# What needs to be done:
Starting at the line that contains "歯みがきの後、何か飲んだり食", reproduce only the lines through the end of the data, exactly, including both the first and the last; skip the pictures.

# Data below:
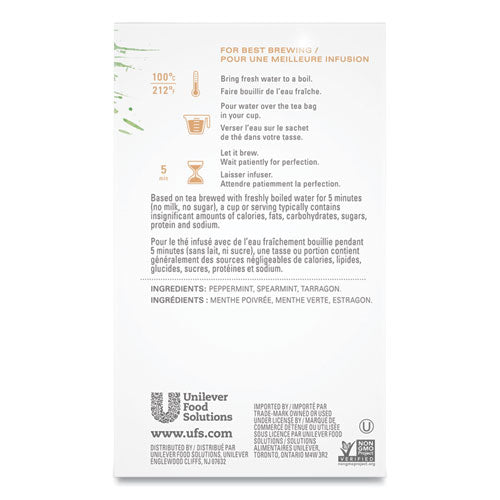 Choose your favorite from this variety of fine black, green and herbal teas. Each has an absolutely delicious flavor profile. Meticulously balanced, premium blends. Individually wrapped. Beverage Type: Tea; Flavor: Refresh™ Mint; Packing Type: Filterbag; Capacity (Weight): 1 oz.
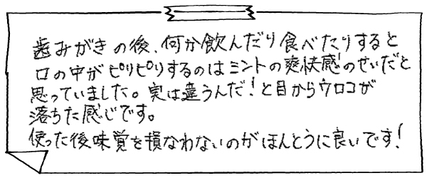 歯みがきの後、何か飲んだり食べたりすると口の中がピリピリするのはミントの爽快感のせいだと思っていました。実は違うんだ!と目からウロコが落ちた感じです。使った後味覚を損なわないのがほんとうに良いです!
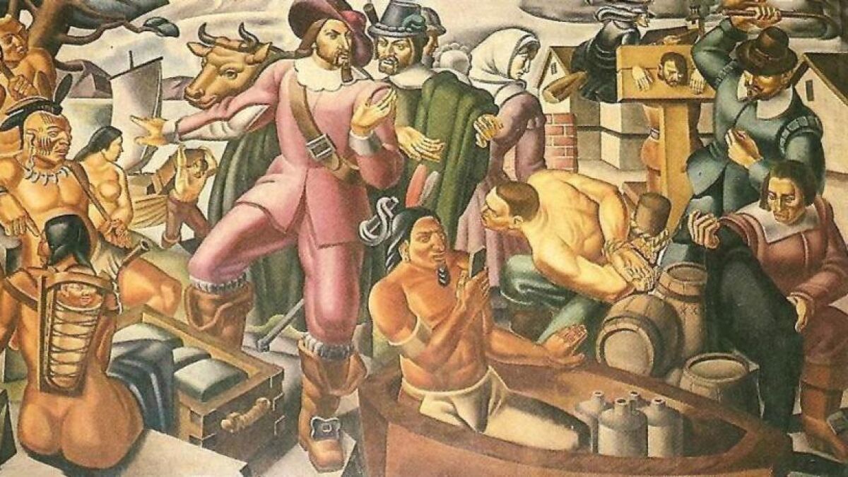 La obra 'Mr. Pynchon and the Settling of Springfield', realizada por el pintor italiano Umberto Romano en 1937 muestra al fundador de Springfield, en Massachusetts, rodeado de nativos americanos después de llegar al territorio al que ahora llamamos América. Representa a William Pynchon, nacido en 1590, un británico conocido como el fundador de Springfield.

# Exercise result:
 歯みがきの後、何か飲んだり食べたりすると口の中がピリピリするのはミントの爽快感のせいだと思っていました。実は違うんだ!と目からウロコが落ちた感じです。使った後味覚を損なわないのがほんとうに良いです!
 La obra 'Mr. Pynchon and the Settling of Springfield', realizada por el pintor italiano Umberto Romano en 1937 muestra al fundador de Springfield, en Massachusetts, rodeado de nativos americanos después de llegar al territorio al que ahora llamamos América. Representa a William Pynchon, nacido en 1590, un británico conocido como el fundador de Springfield.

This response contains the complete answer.